Лидия остановилась. Рука, которой она держала руку Эдриен, едва заметно сжалась.

— Ты на самом деле уверен в этом, Хок? — сухо спросила она.

— Ты слышала, что она сказала. Она полностью поправилась. Она — моя жена. Где я смогу лучше охранять ее?

— Хорошо.

— Где находится Павлинья комната? — Эдриен повернулась на пятках, чтобы посмотреть ему в лицо.

— На третьем этаже.

— Она будет принадлежать мне?

— Та часть, которую я не использую. Это покои Лэрда.

— Я не буду с тобой спать…

— Не помню, чтобы я просил об этом…

— Ты — здоровенный, высокомерный, тщеславный осел…

— Ну же, Эдриен, мой сын не обладает ни одним из этих качеств, — остановила ее Лидия.

— Не принимай это на свой счет, Лидия. Ты мне действительно нравишься. — Вежливо ответила Эдриен. Но вежливость резко отступила, когда она взглянула на Хока. — Но я не буду делить с тобой постель!

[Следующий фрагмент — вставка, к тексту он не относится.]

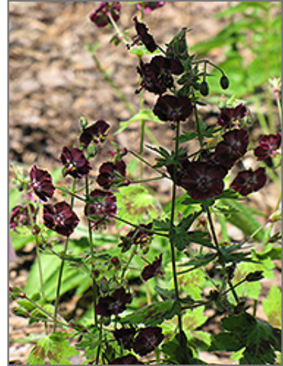
Samobor Cranesbill in bloom

Samobor Cranesbill is recommended for the following landscape applications;

— Это не тема для обсуждения за обеденным столом, скажу вам, — предположил Тэвис, почесывая свою голову, его щеки залил румянец.

Хок засмеялся, и от низких раскатов его смеха ее тело завибрировало, ее соски напряглись, и сердце забилось чаще.

— Жена, ты разделишь со мной комнату этим вечером, даже если мне придется связать тебя и принести туда. Либо тебе придется перенести это унижение, либо ты можешь прийти по своей воле на двух ногах. Я не особо заинтересован, каким способом ты попадешь туда. Просто приди в мою комнату.

Сопротивление поднималось в ее груди, угрожая заглушить все ее чувства. Она смутно услышала, как позади нее открылась и закрылась дверь, и уловила запах надоедливых духов, от которого ее желудок перевернулся. Что бы это ни был за запах, он напомнил ей о приюте; о чердаках и нафталиновых шариках, и тех днях, когда монахини заставляли ее скрести полы и чистить тяжелую темную мебель.

— Любимый! — раздался крик женского восторга позади нее.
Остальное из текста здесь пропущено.